Location: Bayfront Convention Center, Great Hall, 1 Sassafras Pier, Erie, PA 16507
Date/Time: Tuesday, October 29, 7:30-9:00PM
Admission: General Admission $35.00, Preferred Seating $60.00
Parking:
Heather Cox Richardson is Professor of History at Boston College. She has written about the Civil War, Reconstruction, the Gilded Age, and the American West in award-winning books whose subjects stretch from the European settlement of the North American continent to the history of the Republican Party through the Trump administration. She is the author, most recently, of the bestselling Democracy Awakening: Notes on the State of America. Jane Mayer has called the book “a vibrant, and essential history of America's unending, enraging and utterly compelling struggle since its founding to live up to its own best ideals.” Heather Richardson’s work has appeared in the Washington Post, the New York Times, and The Guardian, among other outlets. Her nightly newsletter, Letters from an American, reaches over a million readers.

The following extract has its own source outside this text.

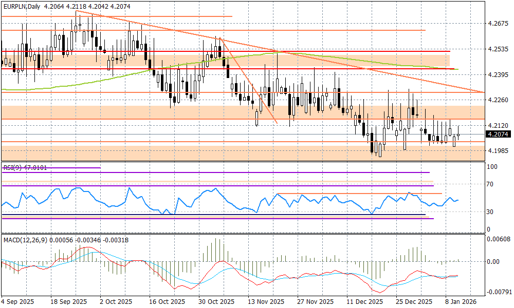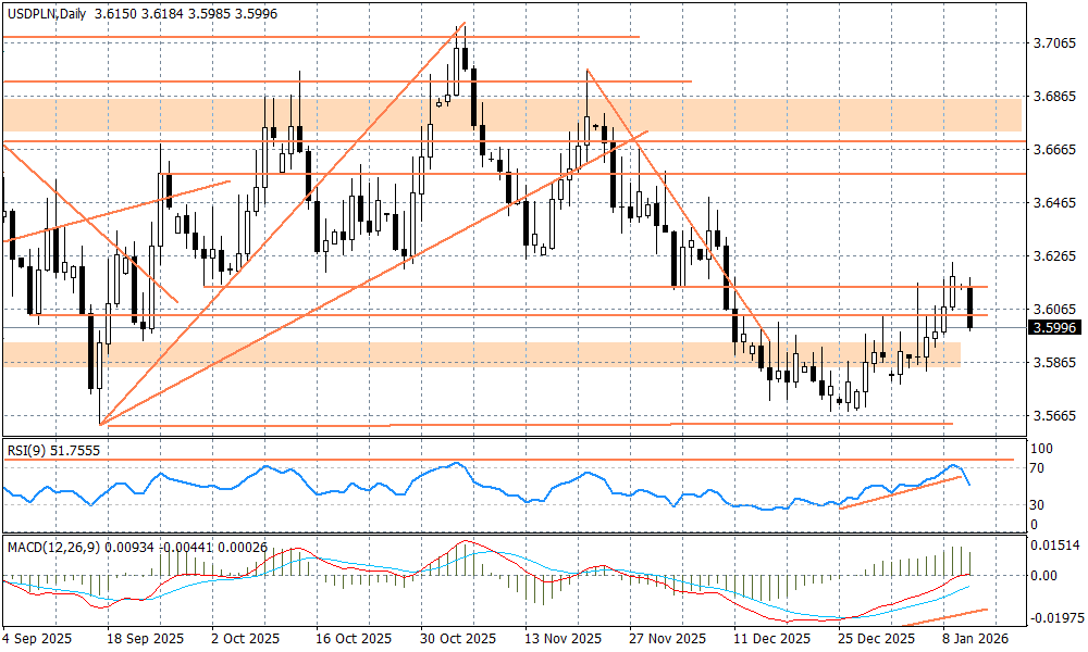 Globalne napięcia będzie generować geopolityka - w tle mamy nie tylko Wenezuelę, ale bardziej Iran i retorykę USA wobec Grenlandii. Jednocześnie w tym tygodniu USA chcą podbić sprawę szybszego uniezależnienia się od Chin w temacie metali ziem rzadkich, naciskając mocniej na swoich partnerów w tej sprawie. Sentyment na Wall Street też jest nieco słabszy. To wszystko powinno prowadzić do powrotu w stronę silniejszego dolara i słabszych walut EM, w tym złotego.

Tom Nichols is a bestselling author and staff writer at The Atlantic. A professor emeritus of national security affairs at the U.S. Naval War College, he has expertise on a range of foreign policy issues including Russia, nuclear weapons, and the role of war in international affairs. Confidently contrarian, Nichols is renowned for his commentary on political issues, the decline of modern society, and threats to democracy at home and abroad. He writes The Atlantic Daily newsletter, guiding readers through the biggest news, ideas, and cultural happenings of the day. Tom’s most well-known book, The Death of Expertise: The Campaign Against Established Knowledge and Why It Matters, examines the collapse of trust in experts and the increase in attacks against science and learning from a public that thinks it knows as much as experts. He makes the case that this false egalitarianism is dangerous to democracy. The book, which has been published in fifteen languages, was deemed “a sweeping indictment of the deliberate, widespread and ultimately self-destructive devaluing of knowledge in America” by POLITICO. In April 2024, Nichols returns with The Death of Expertise, Second Edition, featuring updated evidence including the COVID pandemic to prove that the assault on expertise has only intensified in the seven years since the original publication.
In Our Own Worst Enemy, Tom examines the decline of democracy and the rise of illiberal, anti-democratic movements in the United States and elsewhere. He challenges voters in the democracies to recognize how they themselves, after years of peace and prosperity, have endangered their own system of government with their own lack of civic involvement, their sense of entitlement, and their unwillingness to support basic values such as the rule of law and the equality of others. Publisher’s Weekly called it “a searing critique of contemporary political culture and the rise of illiberalism on both the right and the left.”
Tom Nichols has been named to the POLITICO 50, one the “key thinkers, doers, and visionaries reshaping American politics and policy.” He taught at the U.S. Naval War College for over 25 years and at the Harvard Extension School for nearly 20 years. He served as Senior Associate of the Carnegie Council on Ethics and International Affairs, as Fellow at the Center for Strategic and International Studies, and is currently a Fellow of the International History Institute at Boston University. Nichols also worked as a legislative aide in the Massachusetts House and the U.S. Senate and served on Senator John Heinz’s defense and security affairs staff. Tom is a five-time undefeated Jeopardy! champion and was once listed as one of the top 100 players of the game.